It's a strange time for me..

I lived until about 22 just getting by and living off the state. And although it was sometimes difficult I enjoyed my life and was fitter and more healthy too.

Now, I'm going grey, feel like a used tea bag and have put on weight togther with generally feeling pretty much Ill most of the time.

I'm really confused I love my Job and what I do.. But feel frustrated by people who don't know what they're doing above and just crap all over me, something thats much worse at this job than ever before.
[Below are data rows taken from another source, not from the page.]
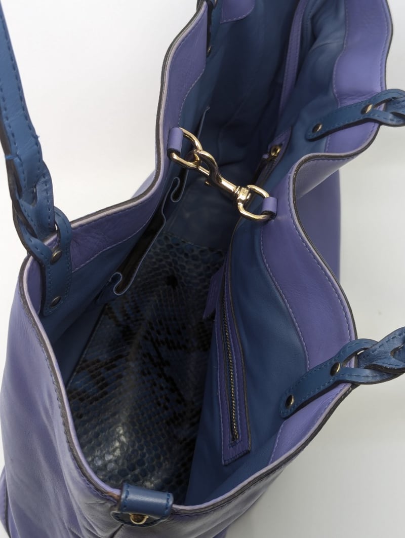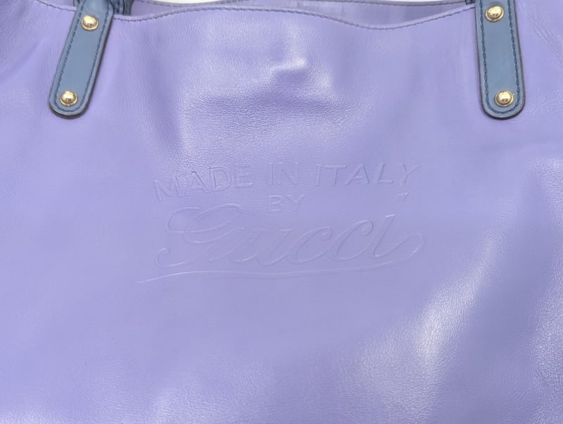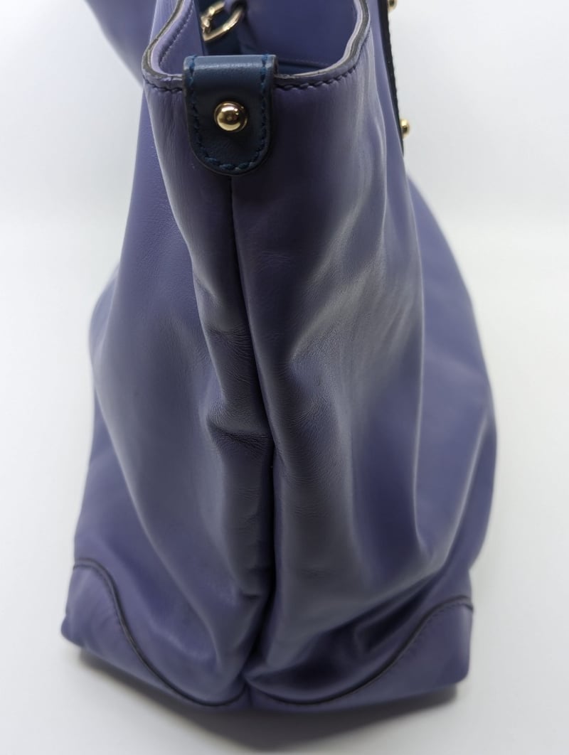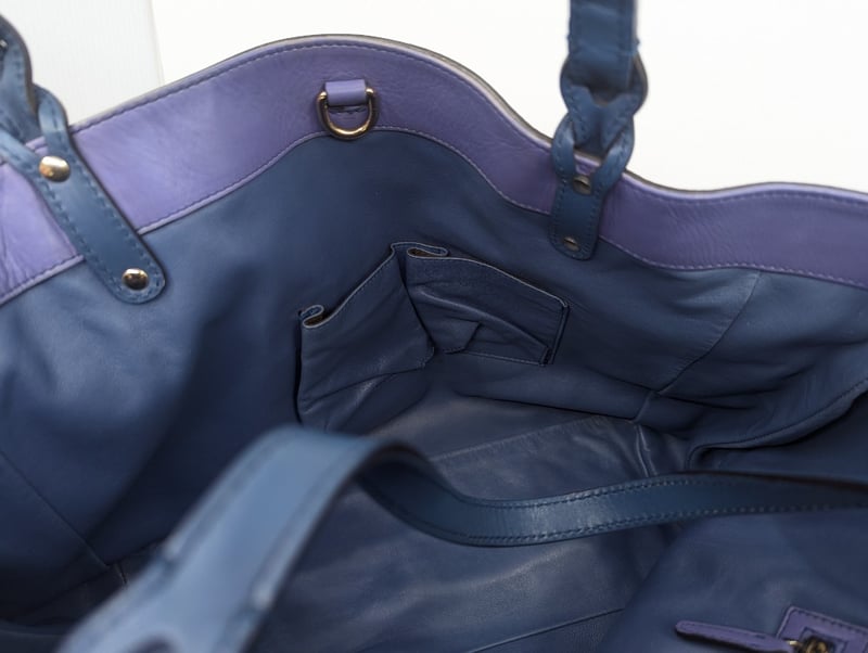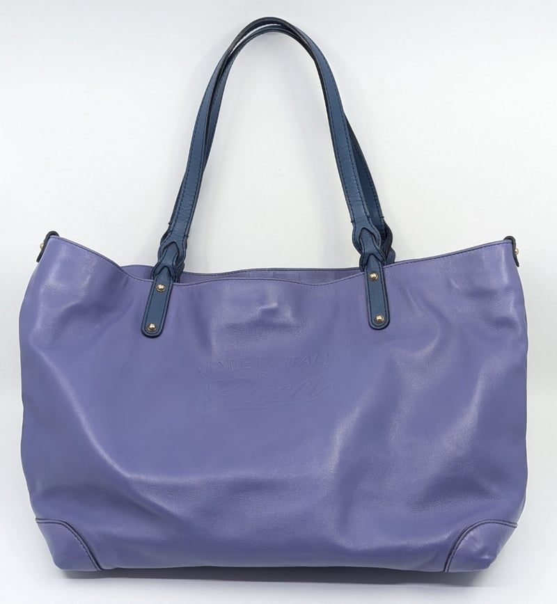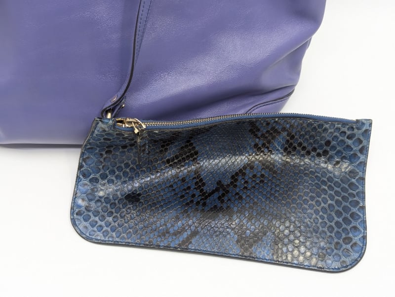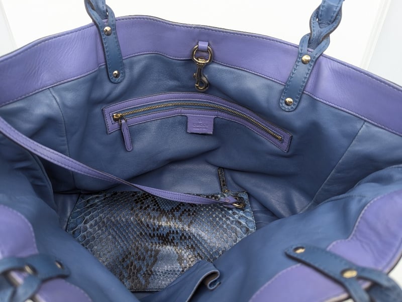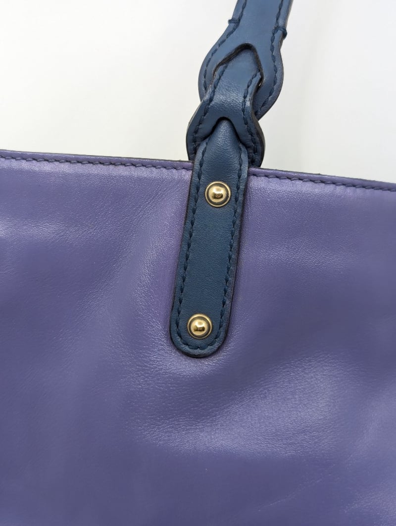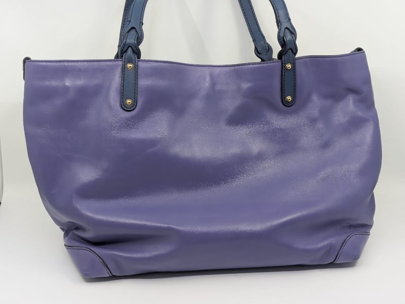 Purple Leather Style Exterior, Dual Carry Handles, Interior Clutch Wallet, Single Main Compartment With Two Inner Pockets And One Interior Zip Pocket, Includes Dust Bag
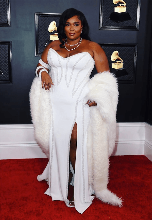 Kilka odsłon bieli również zasługuje na uwagę. Stawkę otwiera Dua Lipa w projekcie Alexandra Wanga. Top na ramiączkach połączony z prostą, satynową spódnicą przywołuje na myśl lata 90. w ich minimalistycznym wydaniu. Kilka dekad dalej cofnęła się Lizzo, która czerpała pomysły ze złotej ery Hollywood. Futrzana etola oraz srebrne hafty na sukience wystarczyły, by wykreować wizerunek godny gwiazdy kina.
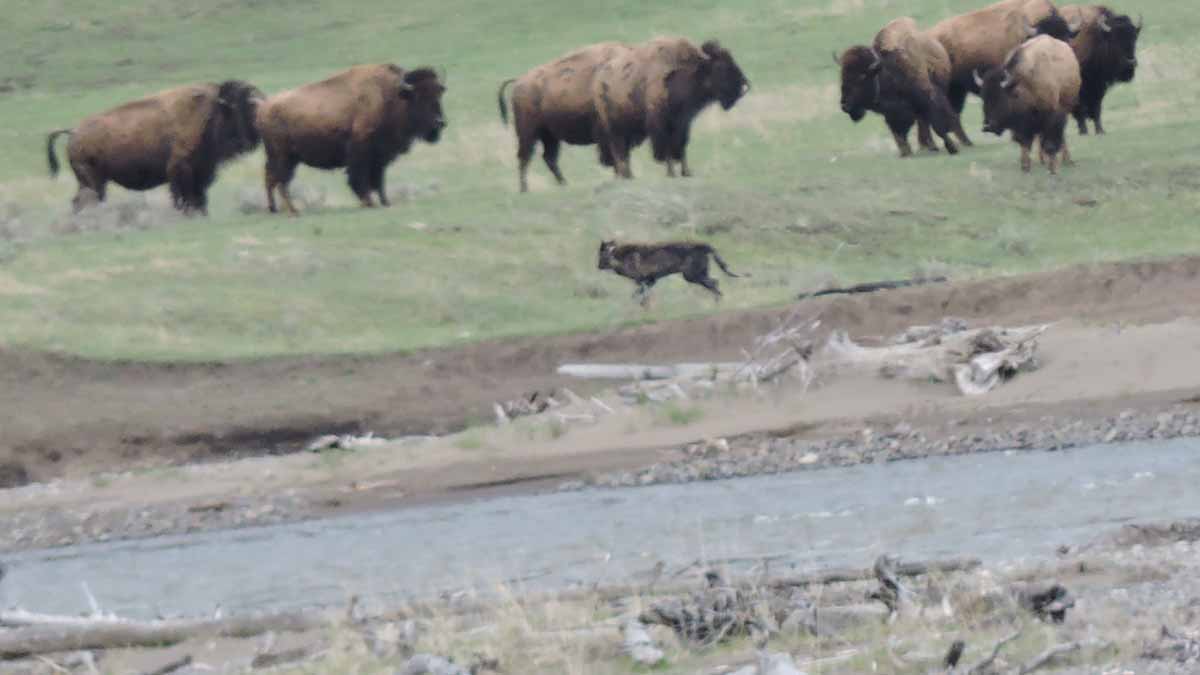 Wolf and Bison in Lamar Valley
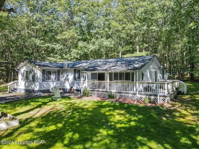 PRICE IMPROVEMENT and a $5,000 CREDIT offered to buyers at closing!! This spacious 3-bed, 1-bath well maintained, move-in ready ranch sits on over half an acre in the gated community of Indian Mountain Lakes. Enjoy the scenic Pocono views from your covered porch, wrap-around deck, and take advantage of the large shed for extra storage. Just a 15-minute walk to the beach at Lake Boulder, with access to five lakes, two pools, basketball and tennis courts. Perfect as a home or short-term rental! Close to major Pocono attractions such as ski resorts, Pocono Raceway, Jim Thorpe, and outdoor activities. Priced to sell fast—schedule your showing today!
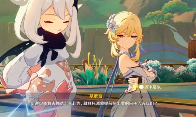 依循爱诺指引,旅行者在那夏镇广场遇到了霜月之子的咏月使菈乌玛。察觉到旅行者渴望寻回飞船,她提议一项约定:在两个月后的祈月之夜,借助月髓之力助其追溯过往记忆。作为交换,旅行者需在此期间协助教团监视愚人众的动态。随着日期临近,菈乌玛信守承诺,带领旅行者来到教团祭坛启动仪式。在流转的月光映照下,一段沉睡的记忆被唤醒——画面中清晰地显现出当年飞船迫降的确切位置,正是位于那夏镇外围的星沙滩。
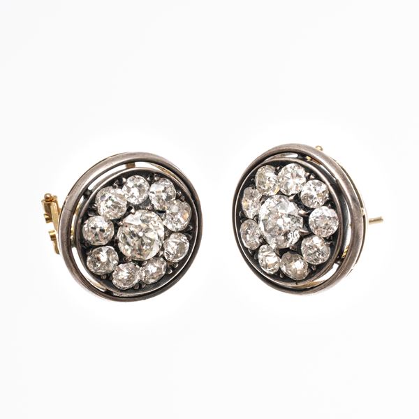 ORECCHINI IN ORO GIALLO 18 KT E ARGENTO CON DIAMANTI TAGLIO VECCHIO
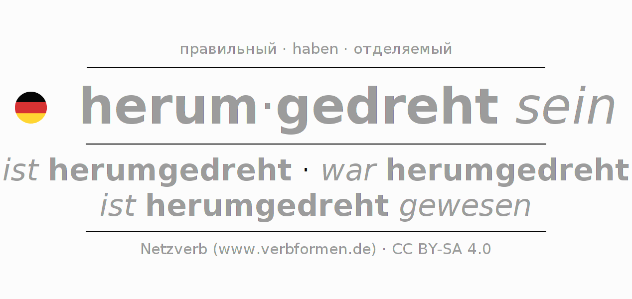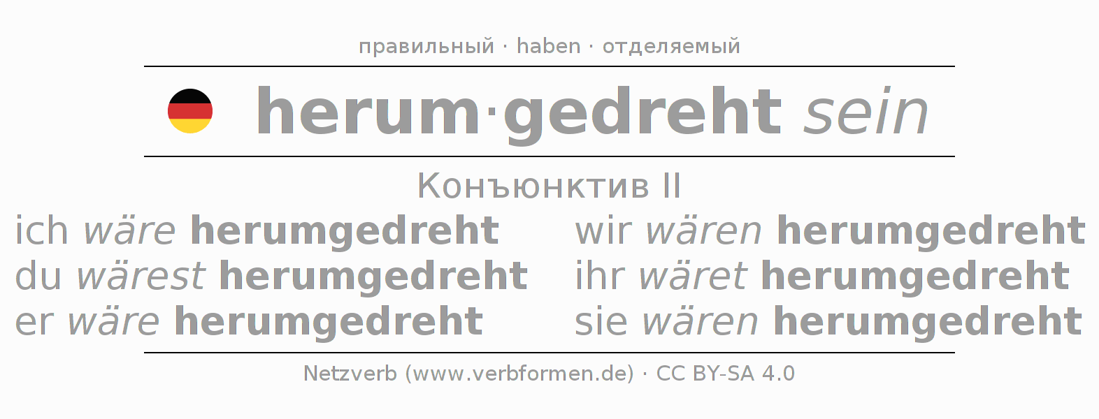 Спряжение herumdrehen в Koнъюнктив Претеритум Сослагательное наклонение Пассив с sein: ich wäre herumgedreht, du wärest herumgedreht, er wäre herumgedreht, wir wären herumgedreht, ihr wäret herumgedreht, sie wären herumgedreht.Образование этих форм происходит по определённым грамматическим правилам. Так же спрягаются простые глагольные формы herumdrehen в Конъюнктив II. Kомментарии ☆
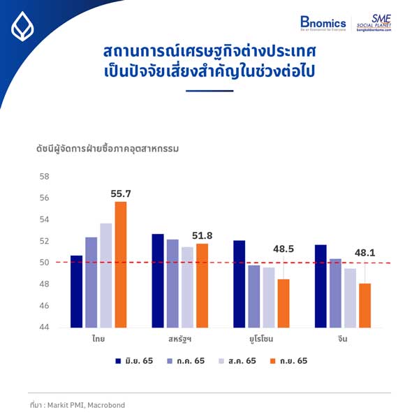 ส่วนสหรัฐฯ แม้ดัชนี PMI ภาคการผลิตจะอยู่ในระดับสูงกว่า 50 อยู่ แต่ก็เป็นระดับที่ลดลงจากเมื่อช่วงต้นปี และแนวโน้มต่อไปก็มีโอกาสที่จะปรับลดลงไปต่อ
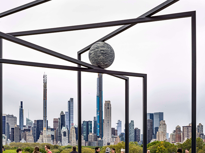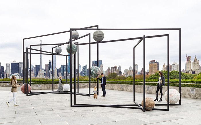 2019年,克瓦德受邀為紐約大都會藝術博物館的屋頂花園設計年度裝置,創作了備受矚目的《ParaPivot》。該作品由幾何形狀的黑色鋼框架構成,框架之間懸掛著幾個巨大的巖石球體。作品整體形似一個微縮的太陽系,球體在框架中自由懸浮,與曼哈頓的天際線交相輝映。借此作品,克瓦德探討了重力、物質的狀態轉換以及人類在宇宙中的渺小存在,讓觀眾在漫步中體驗到時間和空間的相對性和多維度。
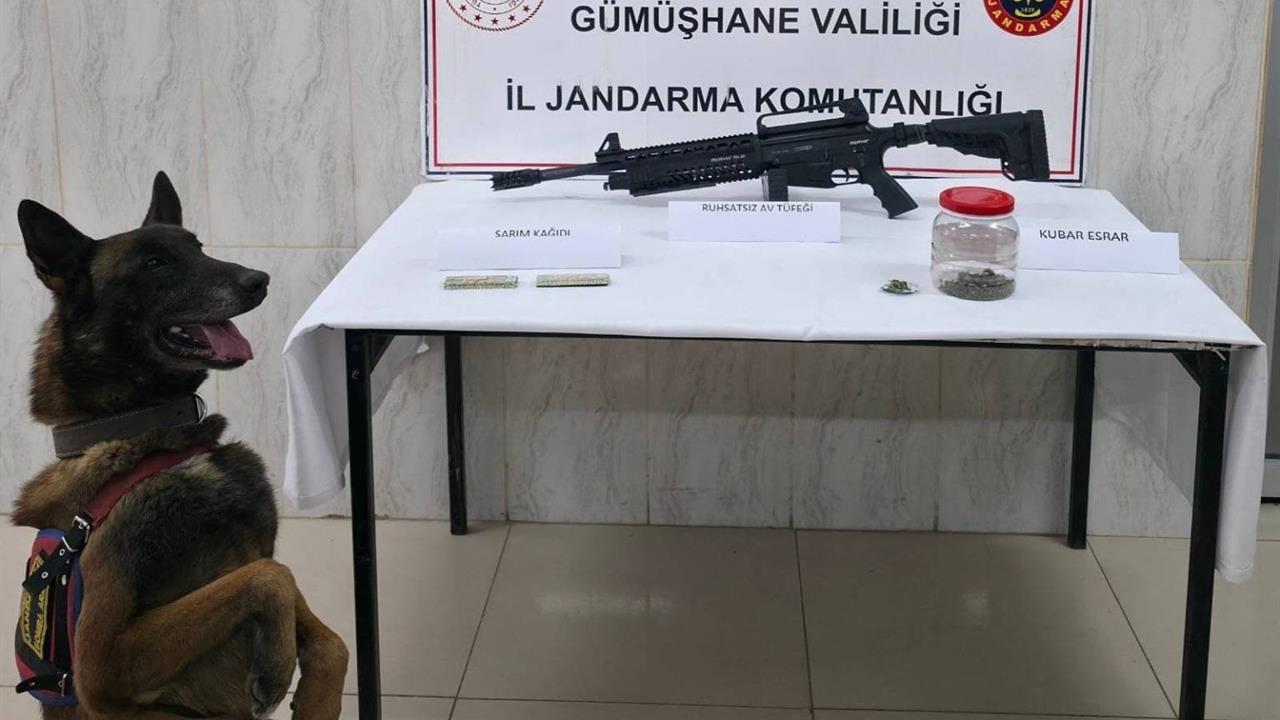 Gümüşhane İl Jandarma Komutanlığına bağlı Kürtün İlçe Jandarma Komutanlığı ekipleri, S.K. isimli şahsın evinde uyuşturucu madde bulundurduğu bilgisini aldı. Bu doğrultuda, Kürtün ilçesi Taşlıca köyünde yer alan adrese yönelik olarak adli arama kararı alındı. Yapılan arama neticesinde, 1 adet ruhsatsız av tüfeği, 1 adet av tüfeği şarjörü, 8 gram kubar esrar ve 2 adet sarım kağıdı ele geçirildi ve muhafaza altına alındı.
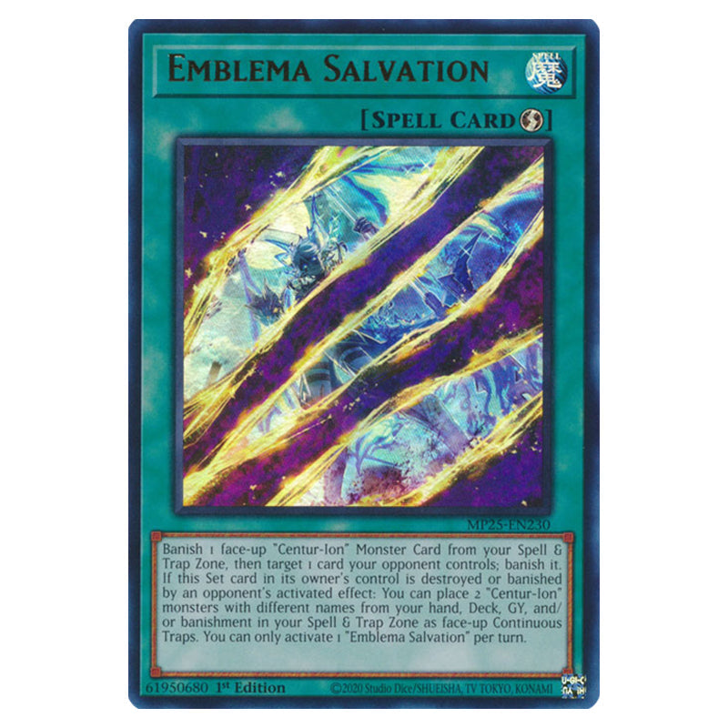 Emblema Salvation is a Ultra Rare, Quick-Play Spell from the Yugioh set 2025 Mega Pack (MP25-EN230)
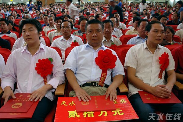 (資料圖片:天水市委書記張景輝為2007年天水市科技功臣馬炳烈頒發(fā)榮譽(yù)證書)
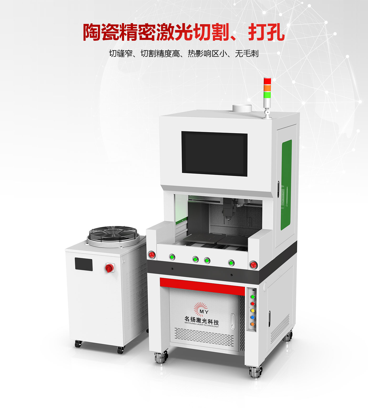 ? 采用高品質準直切割頭,切割效果精良,加裝同軸吹氣系統。
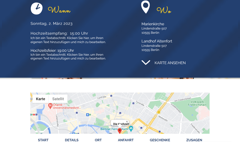 In Vorlagen wie Dario oder Bleecker gibt es beispielsweise vorgefertigte Unterseiten zur Anreise, eine Infoseite zum Thema Geschenke und ein RSVP-Formular, das Sie natürlich ganz einfach personalisieren können. Eine Wunschzettel-Funktion ist auch dabei.
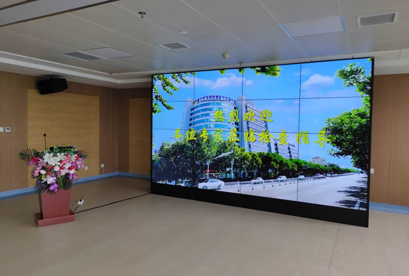 濰坊醫(yī)學(xué)院眼科中心這套大屏采用4x4拼接、55寸3.5mm液晶拼接屏,用于會(huì)議信息顯示。
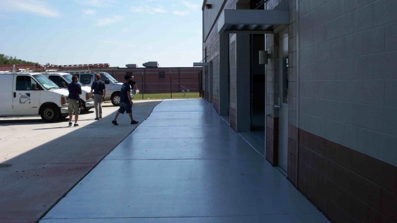 After - Finished textured surface with 65 mil solid color epoxy coating. Aluminum oxide is broadcast into the chemical resistant urethane top coat, for added slip resistance.
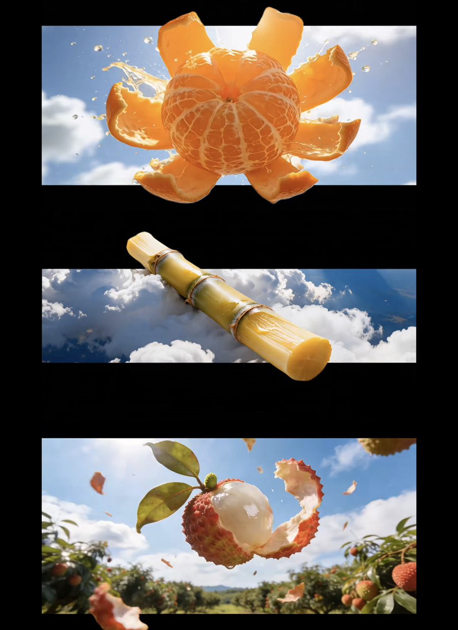這種表達(dá)上的轉(zhuǎn)向,和他平時(shí)的觀看習(xí)慣有關(guān)。他提到,自己很喜歡看《舌尖上的中國(guó)》這類紀(jì)錄片,喜歡那種從勞作到收獲、從土地到餐桌的真實(shí)質(zhì)感。在他看來,很多傳統(tǒng)三農(nóng)視頻信息足夠直接,但畫面表達(dá)相對(duì)單一,更多是對(duì)著水果、作物和種植過程做講解。也正因?yàn)槿绱耍_始嘗試把 AI、轉(zhuǎn)場(chǎng)和鄉(xiāng)土題材結(jié)合起來,讓鄉(xiāng)村內(nèi)容在保留真實(shí)感的同時(shí),也有更強(qiáng)的視覺吸引力。
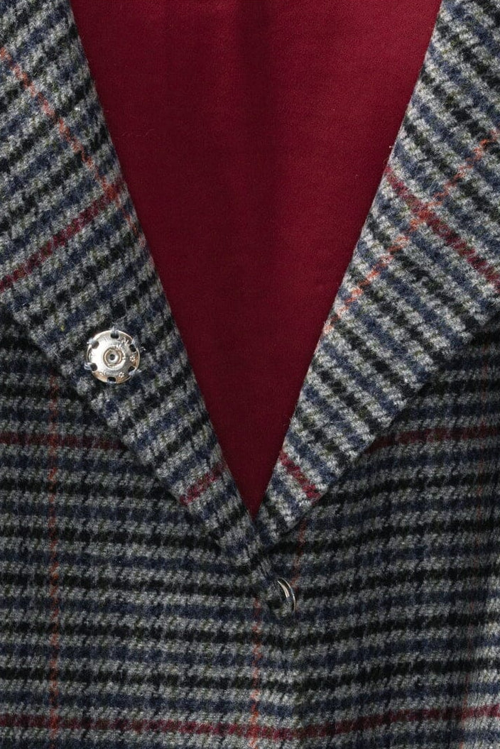 Spencer-jasje van Karmamia met een geruit patroon in zwart, grijs, rood, bordeaux en zilver. De jas heeft peplum-mouwen met gelaagde ruches en een rode voering.

I have made some good impressions (I hope) within this company but sadly as its run from another country its hard to get anything solid in the way of options.

I'm really shocked how much I rely on my wage packet and wish to hell I had never taken a Job all those years ago, living in rented accomodation was so much simpler..

I'm seriously thinking of selling up, shifting some of my junk to someone else and maybe changing my life completely.. Moving to the middle of nowhere or another country..

What good is money if your worried all the damn time?
What good are computer/consoles if you have no time or energy to play them?

Depressed... I think I have finally reached that.. Someone pass the razor blades :shock:

Only kidding.. If there is something I have learned in the last couple of years its that these things are normally for the better in the end when you youreself have lost sight of the good bits .. Thats when life swaps around your whole world is turned upside down, normally for the better... in the end..

Here's hoping.. ;)

As for God... You all know I just don't believe in anything you die and thats it nothing.. I just can't get around this and don't think I ever will, it's just me and the way in which I have dealt with things from an early age.. Sure I kid myself with the "Oh bet he/she is laughing at us now" but I know deep down that its just me saying it for the sake of saying it, to make myself feel better.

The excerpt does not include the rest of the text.